The foundational idea of Ivy Takes Care is that the expectations of outsiders is not an absolute blueprint for life that must be followed. If you feel different from your peers, then your goals and ultimate scenario for living in happiness will probably not be the same as theirs, so choosing to branch off from the main stream is by no means an indulgent whim. That may be the only logical decision to make if you're to find happiness, living to serve others effectively because humans are happiest when their abilities go to helping other living beings.
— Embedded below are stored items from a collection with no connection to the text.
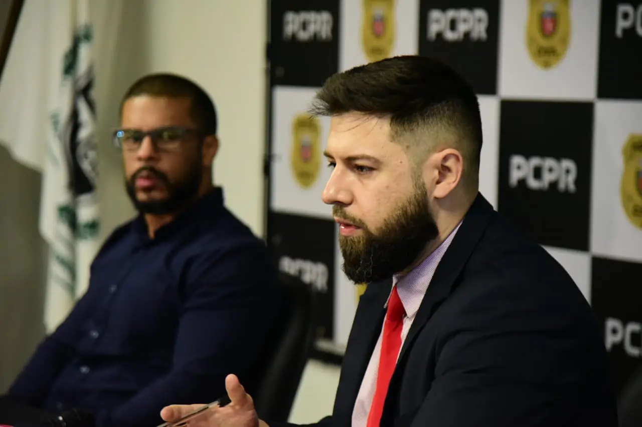 Os delegados Adailton Ribeiro Junior e Gabriel Menezes, na entrevista aos jornalistas (FOTO: DANILO MARTINS/OBEMDITO)
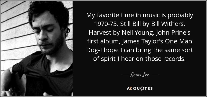 My favorite time in music is probably 1970-75. Still Bill by Bill Withers, Harvest by Neil Young, John Prine's first album, James Taylor's One Man Dog-I hope I can bring the same sort of spirit I hear on those records.
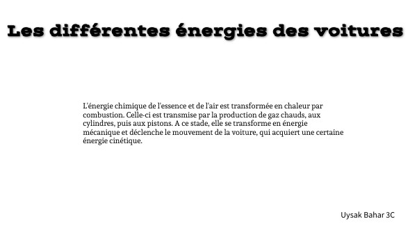 L'énergie chimique de l'essence et de l'air est transformée en chaleur par combustion. Celle-ci est transmise par la production de gaz chauds, aux cylindres, puis aux pistons. A ce stade, elle se transforme en énergie mécanique et déclenche le mouvement de la voiture, qui acquiert une certaine énergie cinétique.
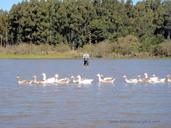 "Flachwasserzone" ist im Falle dieses Sees ein relativer Begriff, im glücklichen Fall endet das Ufer auf Höhe der „Juncos„ - einer schilfgleichen Pflanze, ohne weiter störende Hänger, Hindernisse, oder, um die Sache sportlicher zu gestalten, das Litorale geht über in den undurch- dringlichen grünen Dschungel, mit all seinen erdenklichen hölzernen Unrat gespickten Bereich. Dann wird das Präsentieren der Mücke zum äußersten Geduldspiel, auch wenn mit „antienganche“, dem mit obligatorischen Krautschutz versehenen Haken - Hänger sind unvermeidbar. Und denkt erst gar nicht daran, einen dieser Hänger durch auch noch so vorsichtiges Anpirschen mit der Hand zu lösen... WUFFF...... das war ein kapitaler, torpedogleich |
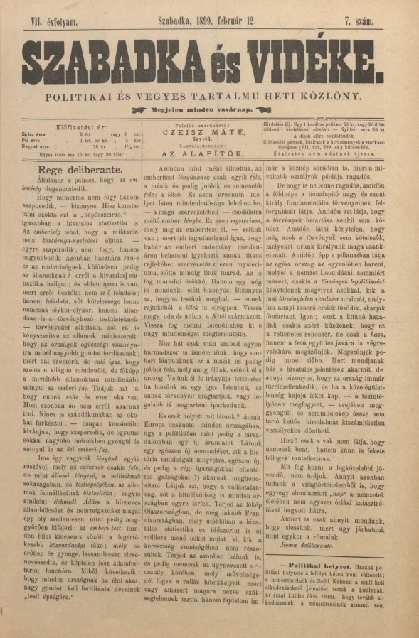Szabadka és vidéke II, 7. évf. 1899. február 12. 7. sz.
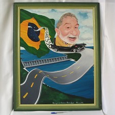 PINTURA (89X68 CM) SOBRE TELA, RETRATANDO CARICATURA DO PRESIDENTE LULA DIRIGINDO CARRO PRESIDENCIAL CONVERSÍVEL, SOBRE A FAIXA 'ORDEM E PROGRESSO' QUE SAI DA BANDEIRA BRASILEIRA, TRANSFORMANDO-SE EM UMA ESTRADA. AO FUNDO, BARRAGEM DE HIDRELÉTRICA. NA PARTE INFERIOR, A INSCRIÇÃO 'HOMENAGEM DO CONSÓRCIO BELO MONTE - ALTAMIRA-PA'. NA LATERAL DIREITA, ASSINATURA DO ARTISTA 'CATALÍCIO'. POSSUI MOLDURA (102X81 CM) EM MADEIRA PINTADA DE VERDE, COM FRISO DOURADO. NO REVERSO, A INSCRIÇÃO 'CARICATURA EM ÓLEO SOBRE TELA POR CATALÍCIO ANDRADE / 02-ABRIL- 2008 / E-MAIL: [email protected] / ...'.
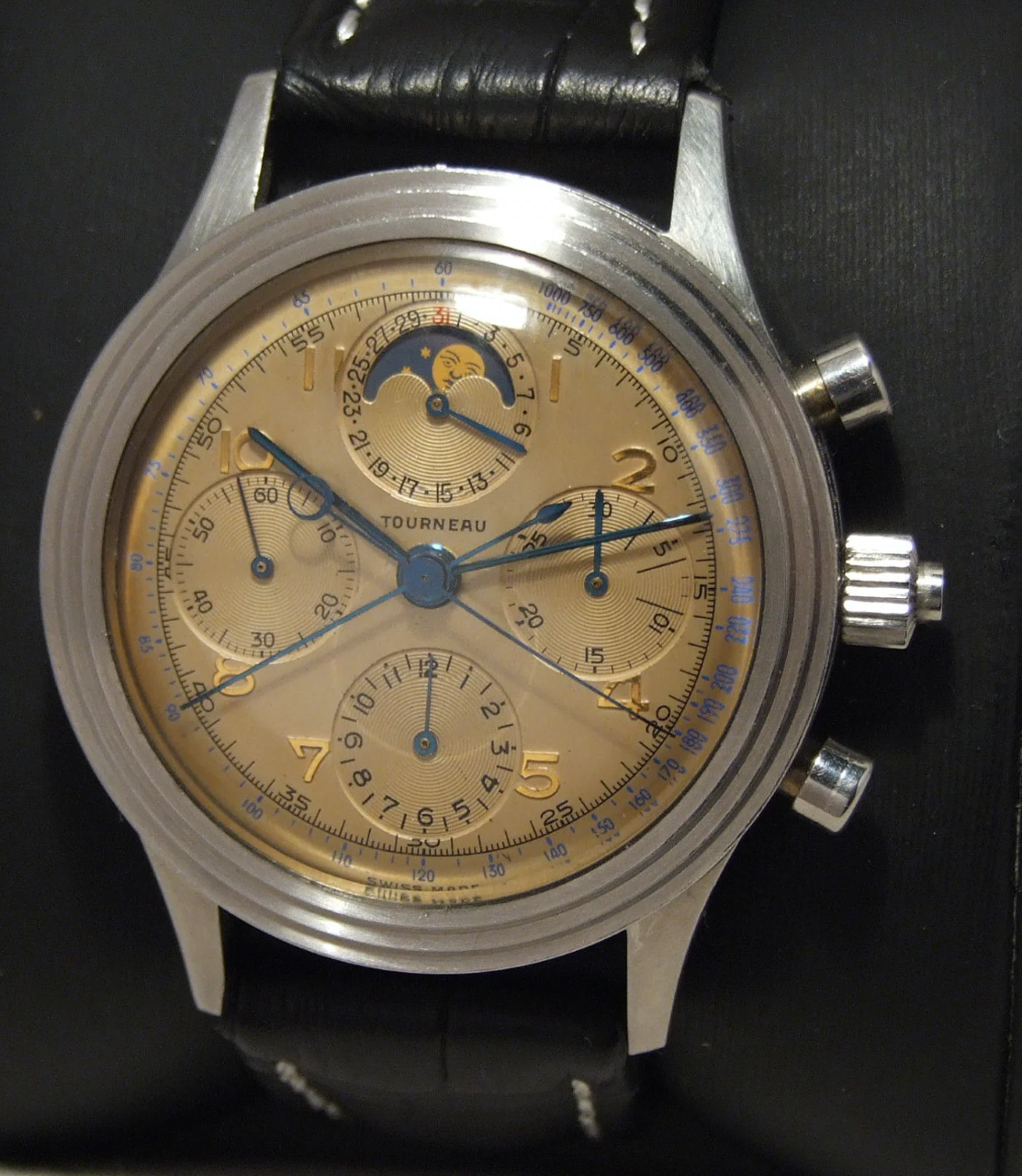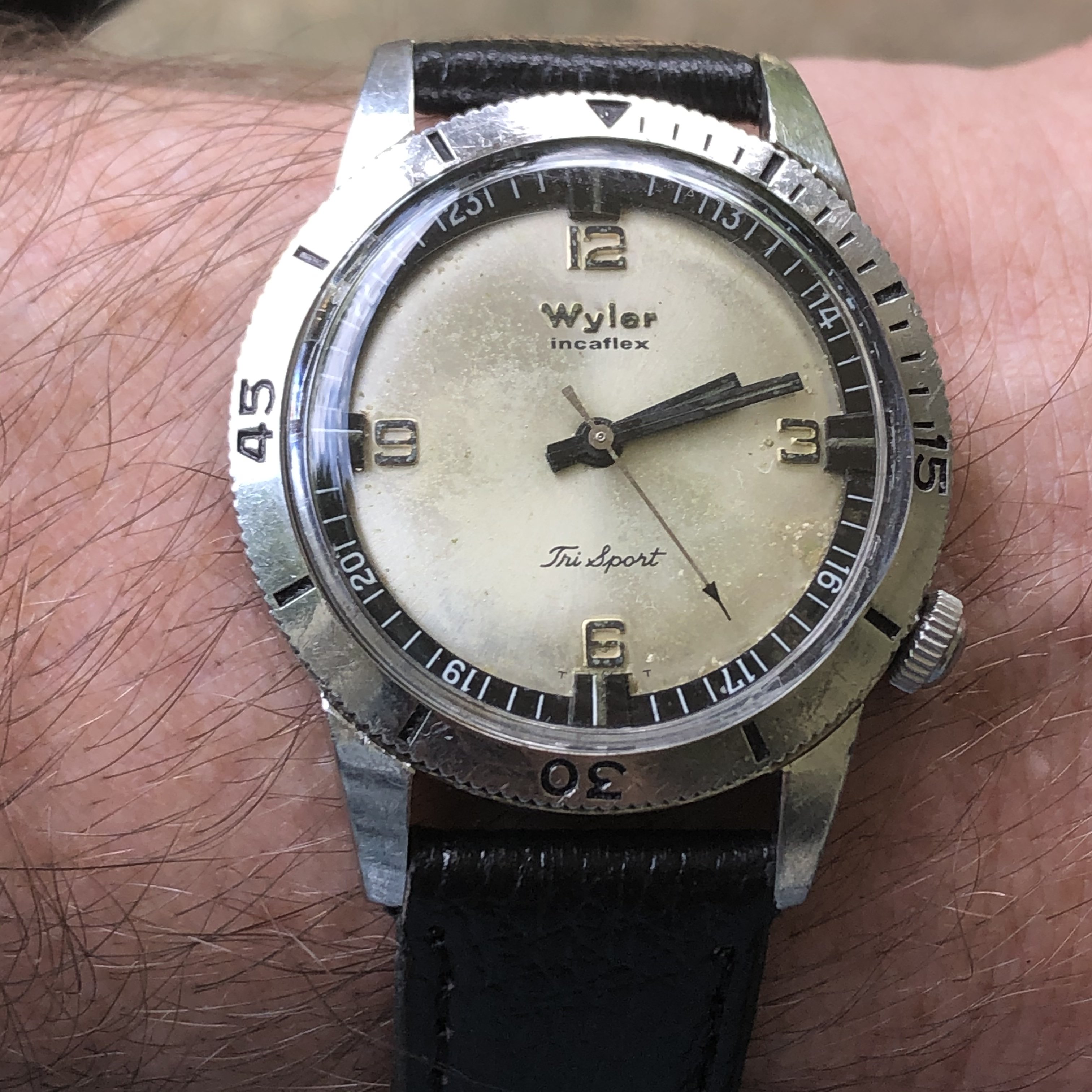 Gallet Flying Officer. Needs better sweep hand (check). Needs service, crystal, and repair of chrono functions.
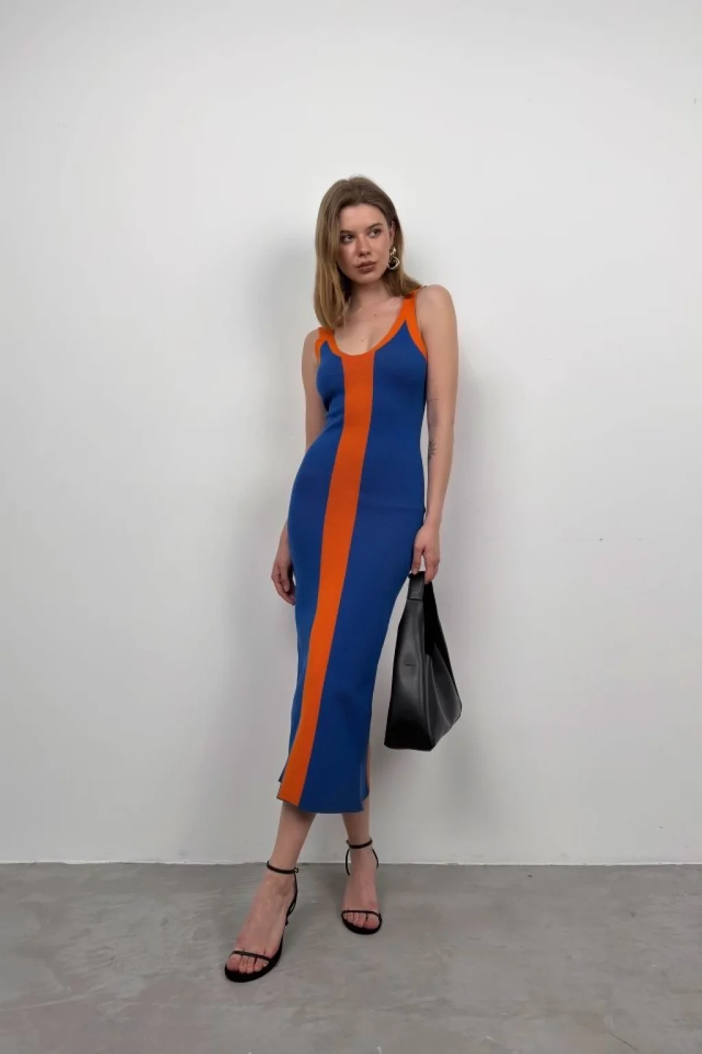 Çift Renk Yırtmaç Detay Elbise
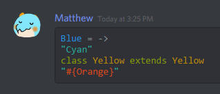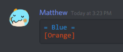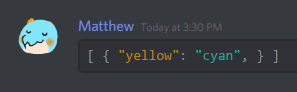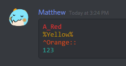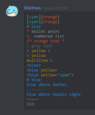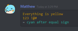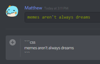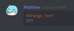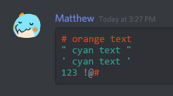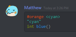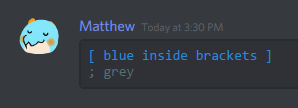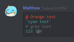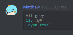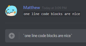 Discord also supports code blocks as well. You can make your own code blocks by wrapping your text in backticks (`)
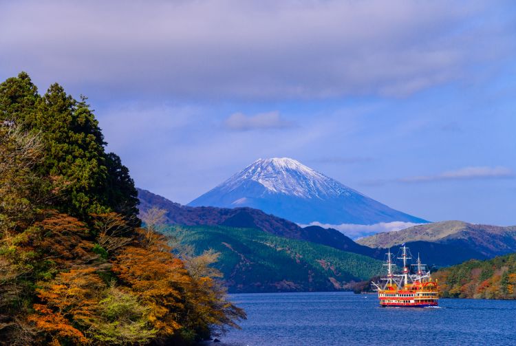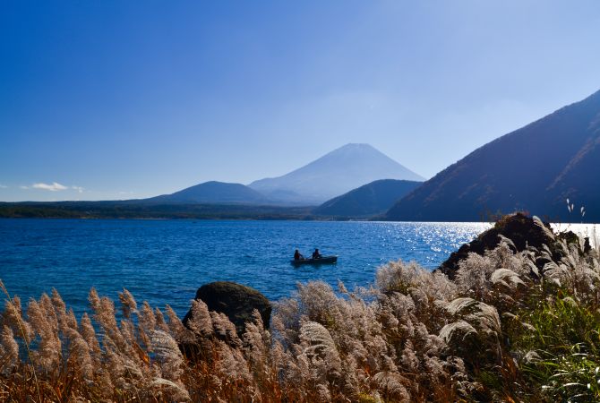 河口湖是富士五湖中交通最便利的一个,从湖的四周都能欣赏到如明信片般优美的富士山景色。在春天,您可以到产屋崎,在樱花盛放的时节,欣赏白雪霭霭的富士山,或是趁着初夏熏衣草盛开时,到大石公园捕捉富士山的美丽样貌。
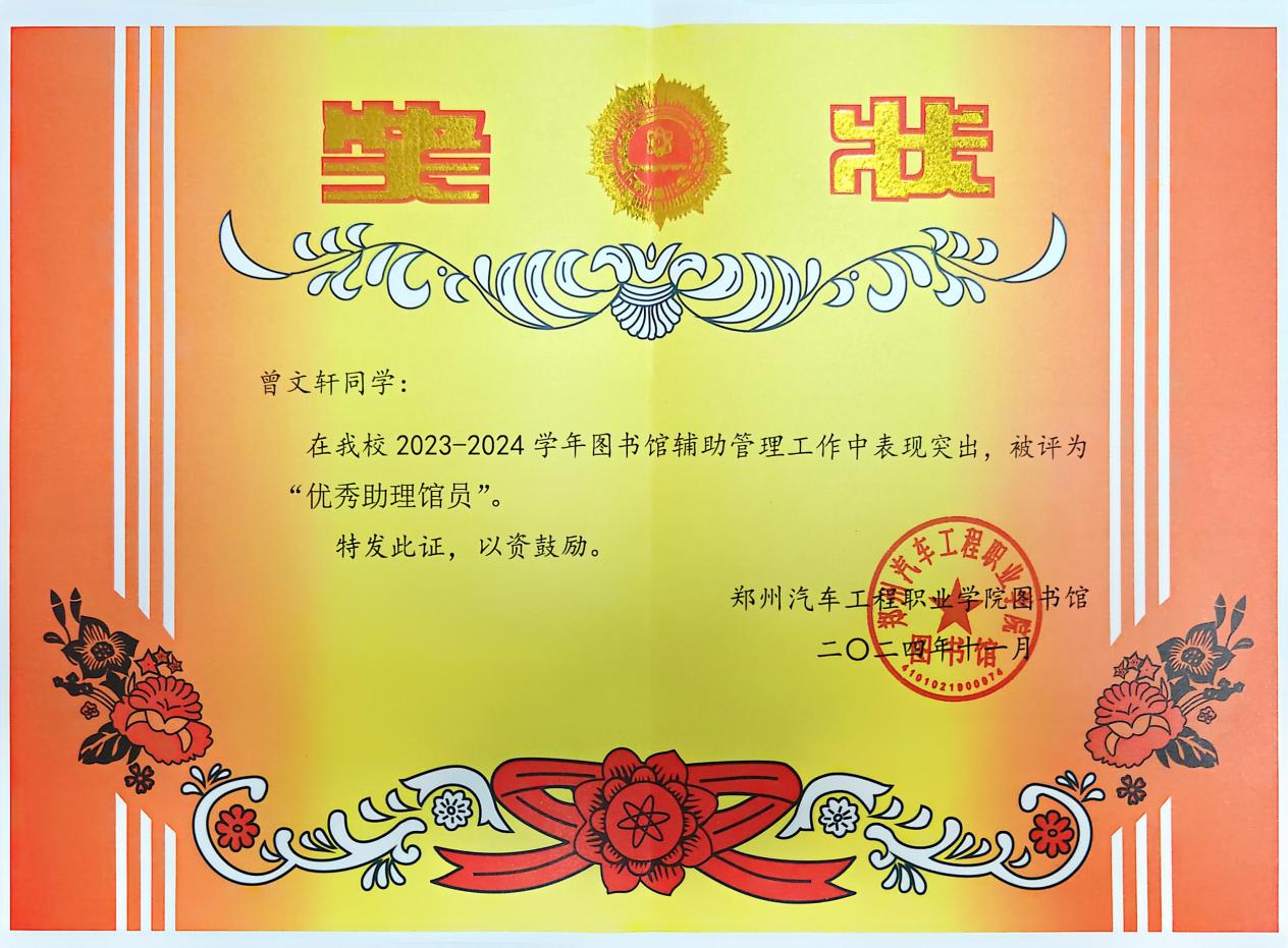 曾文轩,女,中国共产主义青年团团员,新能源汽车学院新能源汽车技术专业学生,获得郑州市三好学生、国家励志奖学金、新能源汽车学院先进个人等荣誉。
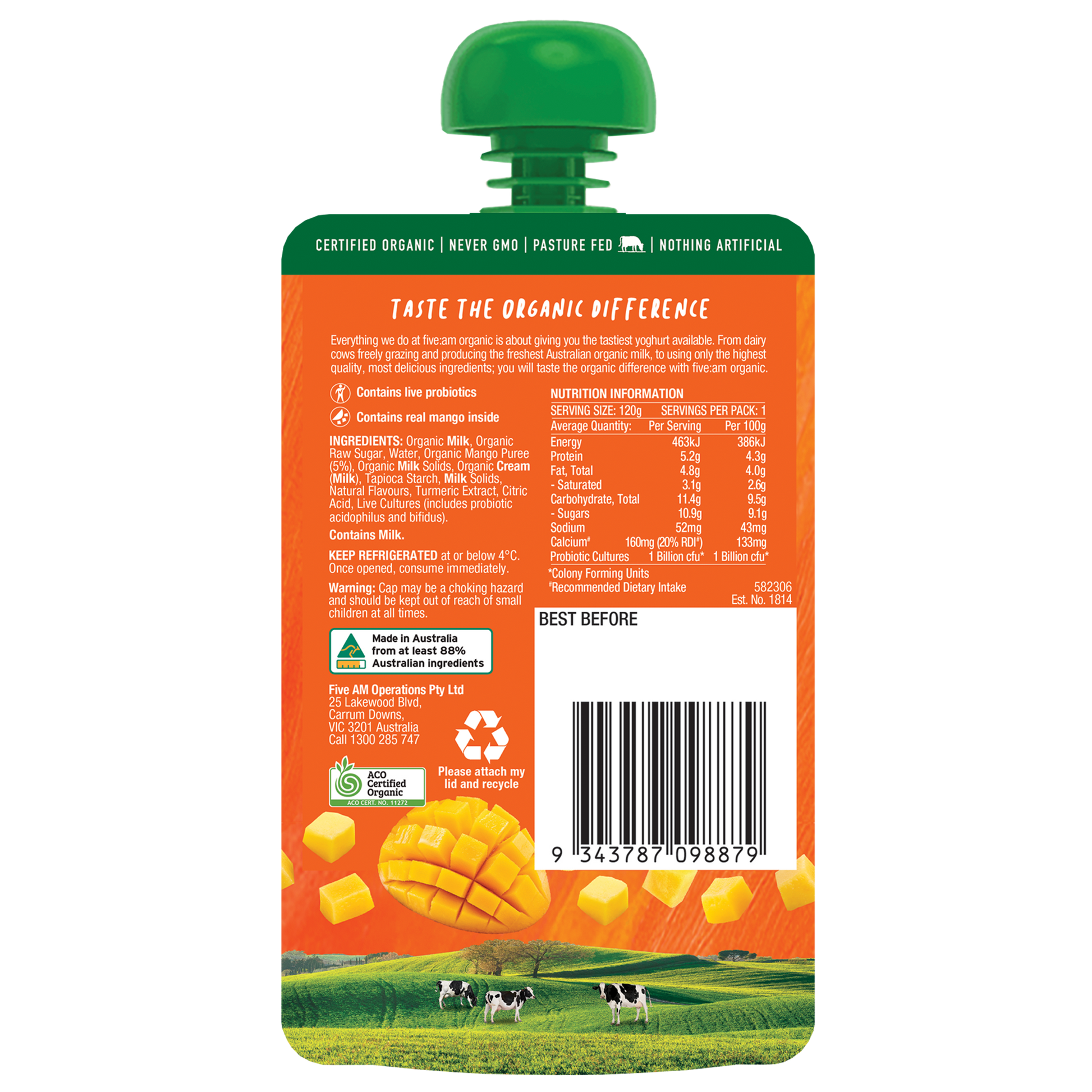 Five AM Mango Organic Kids Yoghurt 120g is a delicious and nutritious snack that will keep your little ones satisfied and energized throughout the day. Made with organic ingredients, this yogurt is packed with vitamins and minerals to support your child's growth and development. With the sweet and tangy flavor of mango, it's a treat that kids will love and parents can feel good about. Try Five AM Mango Organic Kids Yoghurt today for a wholesome snack that will make both kids and parents happy!
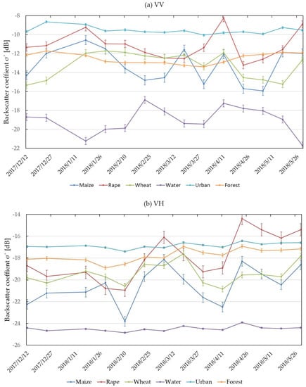 The study used training sample data which covered a complete growing season (from December 2017 to May 2018) of three crops using Sentinel-1 polarization data to monitoring the crop growth changes. Figure 2a–c shows the backscatter coefficient changes of the five land-cover classification time series. It can be observed that the mean VV backscatter coefficient values (Figure 2a) of maize, rape, wheat, urban, water, and forest were −13.26, −11.18, −13.22, −19.01, −9.55, and −12.53 dB, respectively. The mean VH backscatter coefficient values (Figure 2b) were 20.53, −17.92, −19.44, −24.49, −16.86, and −17.75 dB, respectively. The mean CR values (Figure 2c) were −7.16, −6.60, −6.01, −5.65, −7.32, and −5.25 dB, respectively. In addition, the VV and VH values of urban and water were relatively independent and separable for most of the growing period. The results showed that it was feasible to distinguish crops from other land-cover types using VV and VH features.
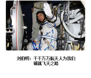 ??? 漫步太空、紅旗永駐。2008年9月27日16時43分,浩渺太空,敞懷相迎,我在戰(zhàn)友伯明、海鵬的協(xié)助和支持下,打開軌道艙艙門,邁出了中國人在茫茫太空中的第一步。在19分35秒的艙外活動中,我隨飛船一起飛過了9165公里,成為中國“飛得最高、走得最快”的人。然而,成功并不代表成熟,一切仍要從零開始。后續(xù)的空間站任務(wù)、登陸月球……路還很長,挑戰(zhàn)還很多,需要付出和努力的也還很多。對于我來說,沒有停歇的腳步,只有奮進(jìn)的號角。
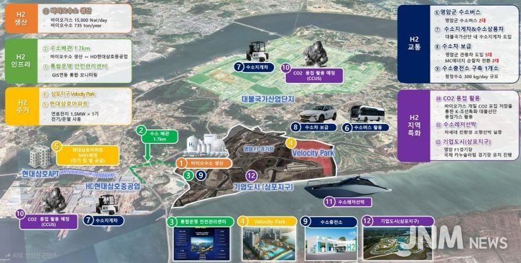 이를 위해 2028년까지 2MW급 청정수소 실증 플랜트를 구축하고, 2030년까지 영암군을 60MW급 에너지 자립형 수소도시로 발전시킬 계획이다.

There is sadness in Ivy Takes Care, sadness at the unexpected changes wrought in a life of continual unpredictability, when friendships meant to last forever die a quick, painful death, or suffer quietly for a long while before disappearing, as if they never existed. There is no satisfactory solution when best friends come to the point where what they want is no longer congruent, and they don't have the time or desire to tarry any longer in each other's idea of a rewarding life. But there is always another tomorrow, and the promise that it will dawn no less brightly for even the saddest events imaginable of the prior day, and that is the hope we are left with at the end of this book. Will Ivy fulfill her ambition of becoming a veterinarian when she's older? We can't know for sure, but she's content today to be working toward that future in every little way she can, and for now, that's enough. One can never do more than live each day that much closer to where one wants to be, and that's what Ivy is doing, no matter how the future develops. I hope we all have the patience and sincerity of purpose to do the same. I would probably give two and a half stars to Ivy Takes Care, and I see it being a memorable story for readers of either gender for as long as it continues finding its way into young hands.